• _Supplied records_
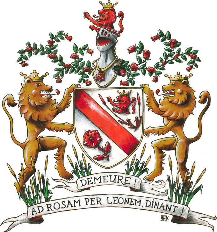 | D’argent à trois chevrons de gueules; au franc-canton d’or chargé d’un lion de sable. CFH, 2003.
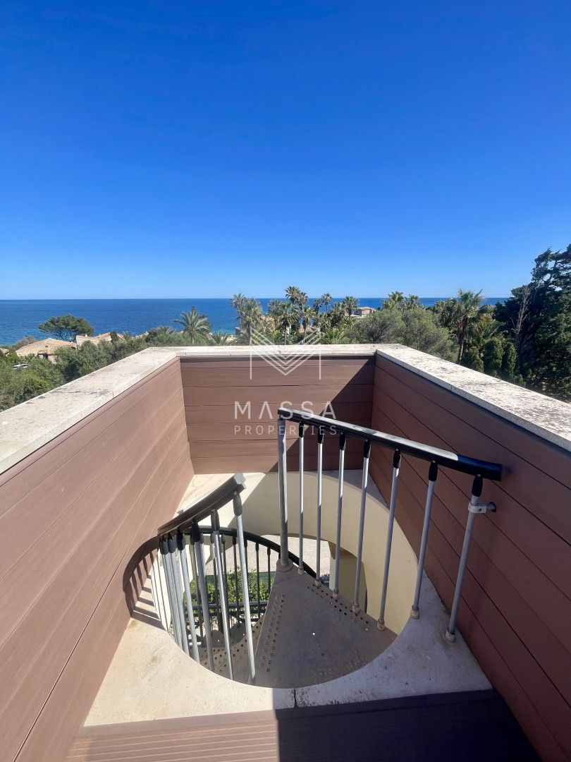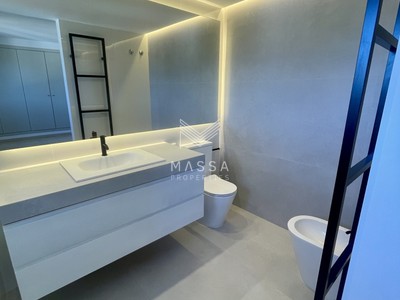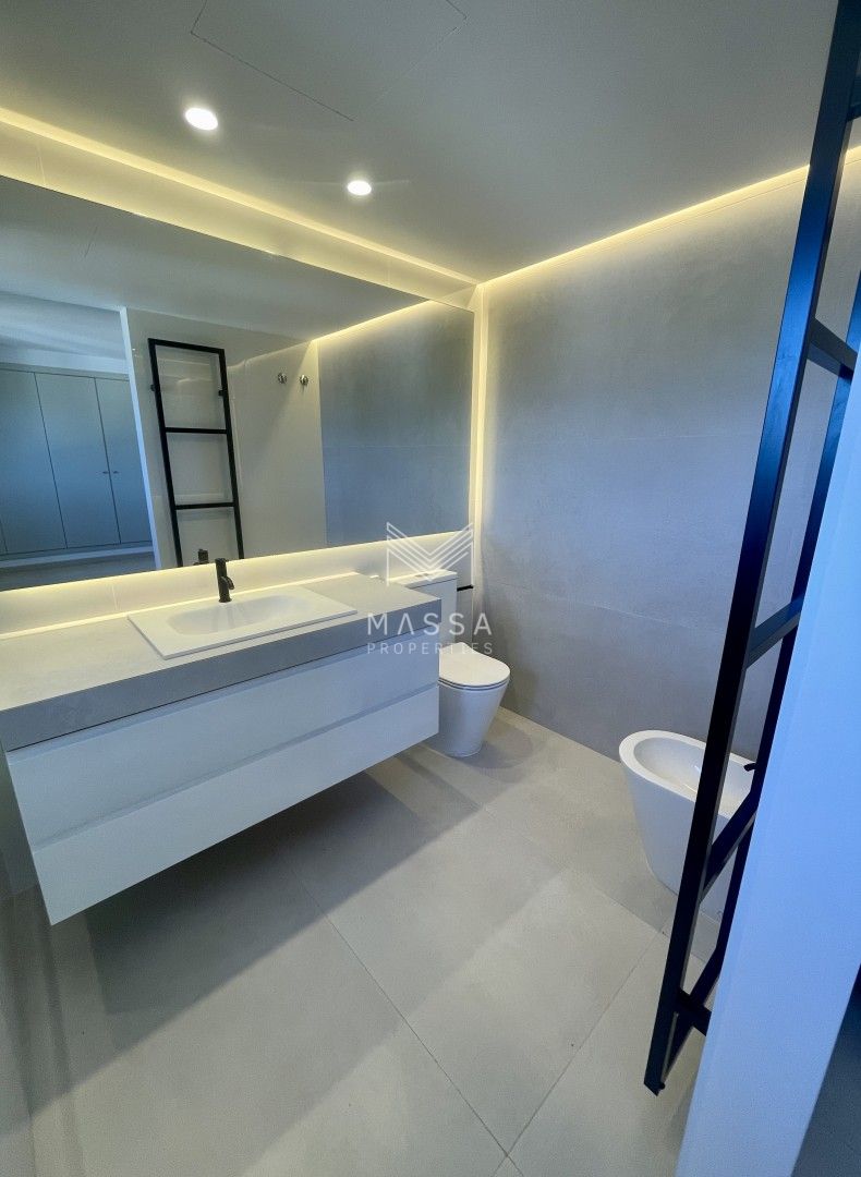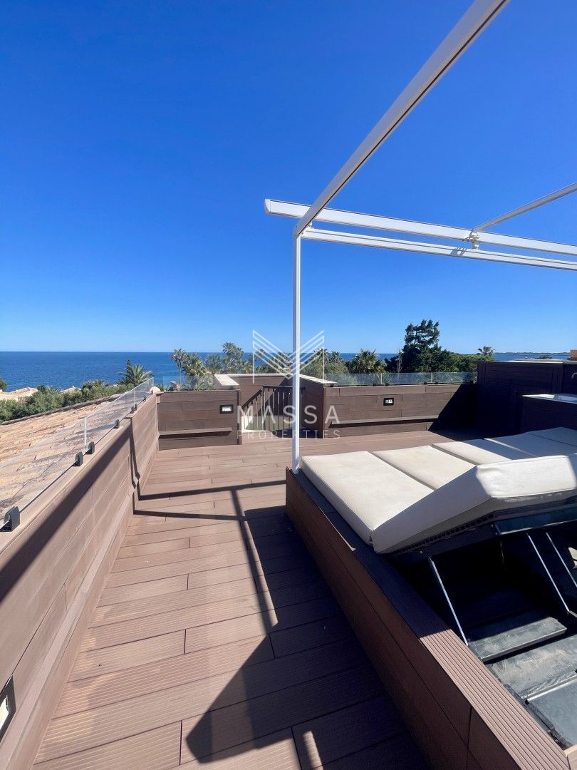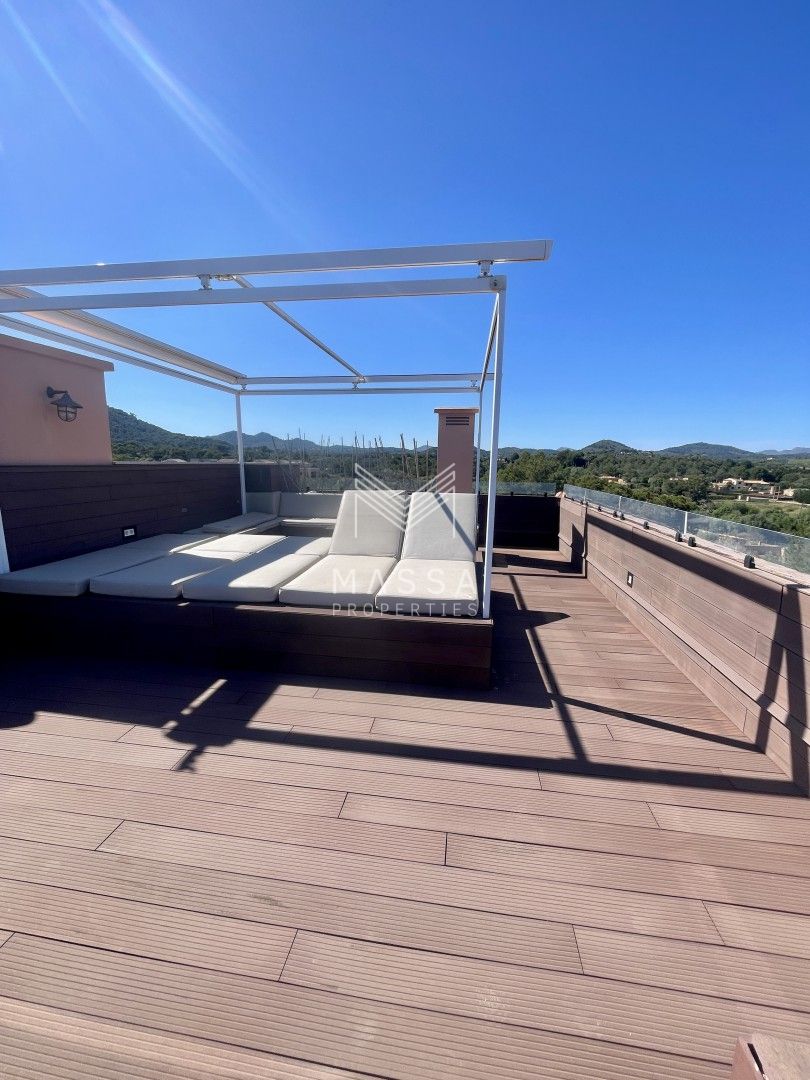 Desde el salón se accede a un amplio balcón con una gran mesa exterior, perfecto para disfrutar de comidas al aire libre. Desde este espacio, una elegante escalera de caracol conduce a la espectacular azotea privada, un auténtico oasis con zona de tumbonas y sofás, ideal para el descanso y el disfrute del clima mediterráneo en total privacidad.
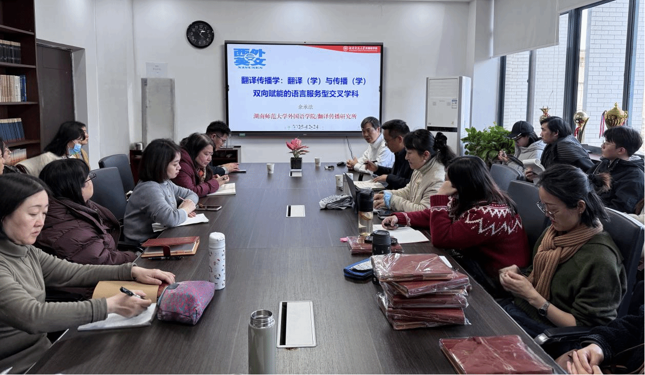 12月24日,湖南师范大学外国语学院余承法教授应邀到访我院,以“翻译传播学:翻译(学)与传播(学)双向赋能的语言服务型交叉学科”为题,为学院师生带来一场兼具理论深度与实践价值的学术讲座。本次讲座由院长冯正斌主持。
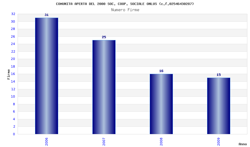 | Anno | Firme | Importi | Media | Naz. | Reg. | Prov. | Comu. |
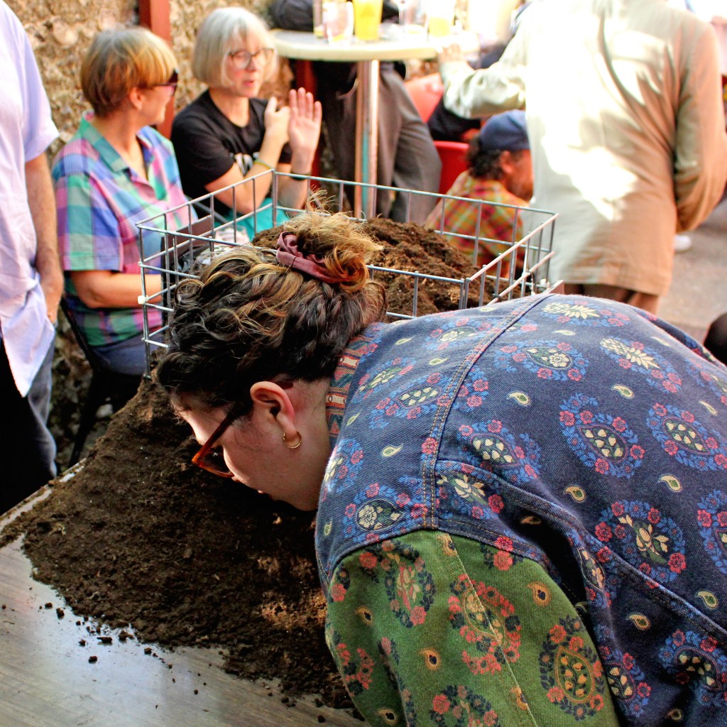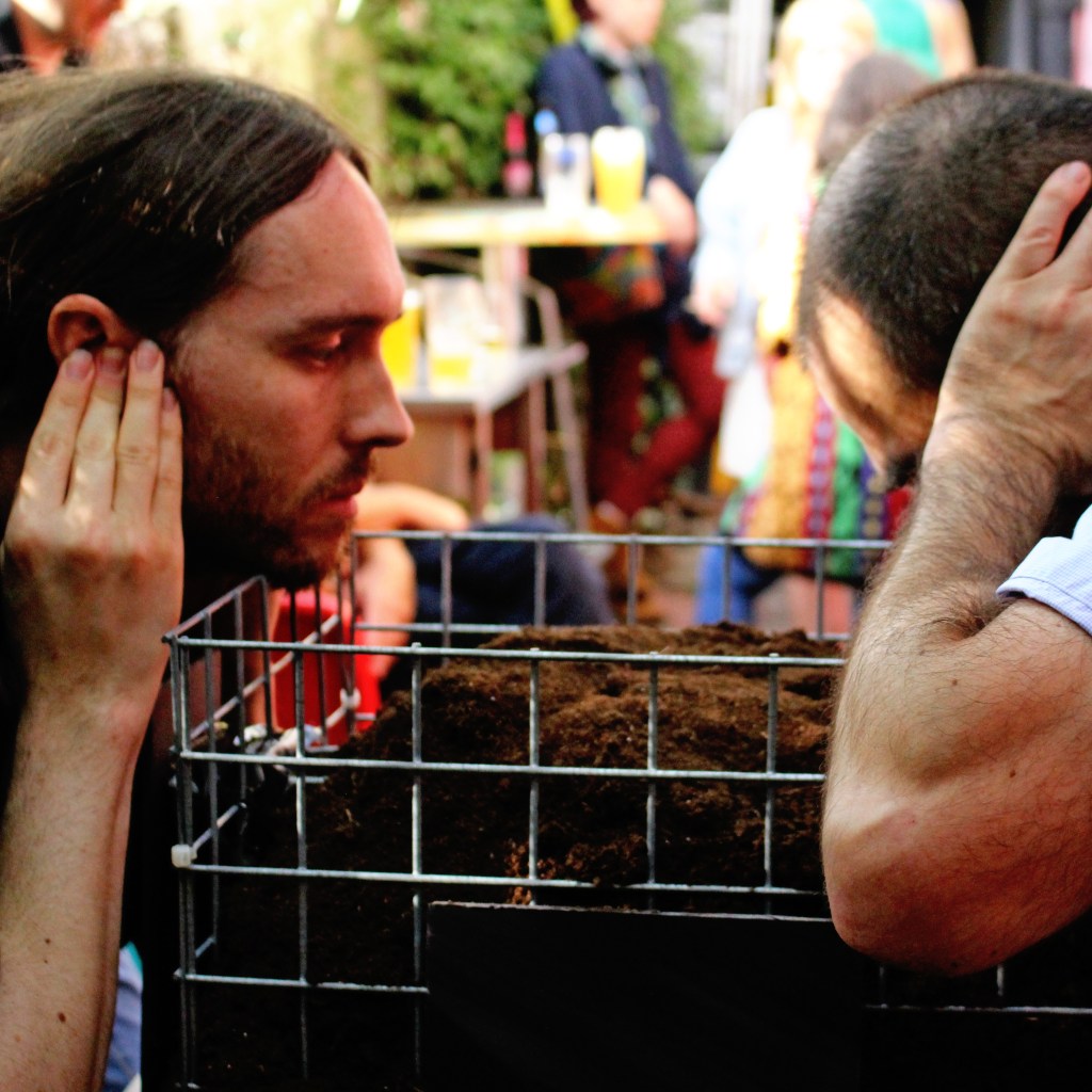 “The Acoustics of Rootedness” consists of a soil transducer developed to disseminate vibration through the soil. The piece invites the visitor to lend their ear towards the soil and the transducer to listener organic acoustic activity recorded and sine waves at which plant roots are sensible to.
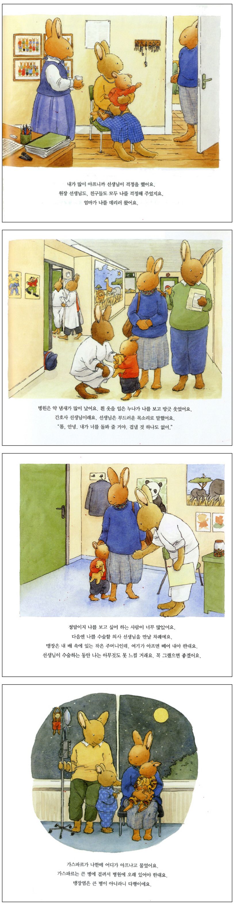 <네버랜드마음이자라는성장그림책>은아이들이생활속에서겪는다양한일들을담은따뜻한생활동화로,날마다크는우리아이들에게격려와위로를전해줍니다.또하루하루일어나는일들이성장의밑거름이되어,아이들이꼬마친구톰처럼씩씩하게자라날수있도록도와줄것입니다.각권의이야기끝에는‘부모님을위한우리아이성장이야기’라는공간을마련하여,주제와연관된도움글을실었습니다.아이들은생활속에서많은고민과어려움을겪습니다.그럴때부모와아이가어떻게이야기를나누며풀어나갈지를이책은잘보여주고있습니다.책속의일들을경험했거나경험하고있는아이라면,이책을읽으며?자신의감정을이해받고또마음속에남아있던응어리를풀어볼기회를갖게될것입니다._신철희(신철희아동청소년상담센터소장)작품의특징병원은무서운곳이아니라아픈곳을낫게해주는곳!요즘아이들은병원에자주간다.예방접종도많아지고,어린나이부터단체생활을하다보니질병에쉽게노출되기때문이다.하지만자주간다해도늘가기싫고무서운곳이바로병원이다.이책의톰도병원이무섭기는마찬가지다.더군다나수술까지해야한다니!하지만엄마아빠,의사,간호사모두톰이마음의준비를할수있도록도와준다.“주사는안맞을거야.”라고거짓말을하지도않고,“말안들으면주사놓아달라고한다!”라며병원을두려움의대상으로인식시키지도않고,“안울면장난감사줄게.”라는달콤한말로아이를달래지도않는다.대신왜병원에가야하며,어떤과정을통해치료를받을건지,솔직하게차근차근설명해준다.이책을읽는아이들은병원에가서치료를받아아픈것도낫고,좋은친구도사귀는톰의모습을통해,병원에대한막연한두려움을이겨낼수있을것이다.작품의내용톰은유치원에서갑자기배가아파서급히병원에간다.맹장염이라서수술을받아야한다는데,톰은병원이라는곳이썩내키지도않고,뭔지는모르지만수술하는것이마냥두렵기만하다.하지만친절한의사선생님과간호사선생님을만나고,좋은친구를사귀면서,톰은두려움을이겨내고수술도잘받게된다.

• _Exercise goal_
Exactly as written above, retype the lines starting at the one holding "Desde el salón" and ending at the one holding "Prov. | Comu. |", both included, but not the pictures.

• _Task response_
 Desde el salón se accede a un amplio balcón con una gran mesa exterior, perfecto para disfrutar de comidas al aire libre. Desde este espacio, una elegante escalera de caracol conduce a la espectacular azotea privada, un auténtico oasis con zona de tumbonas y sofás, ideal para el descanso y el disfrute del clima mediterráneo en total privacidad.
 12月24日,湖南师范大学外国语学院余承法教授应邀到访我院,以“翻译传播学:翻译(学)与传播(学)双向赋能的语言服务型交叉学科”为题,为学院师生带来一场兼具理论深度与实践价值的学术讲座。本次讲座由院长冯正斌主持。
 | Anno | Firme | Importi | Media | Naz. | Reg. | Prov. | Comu. |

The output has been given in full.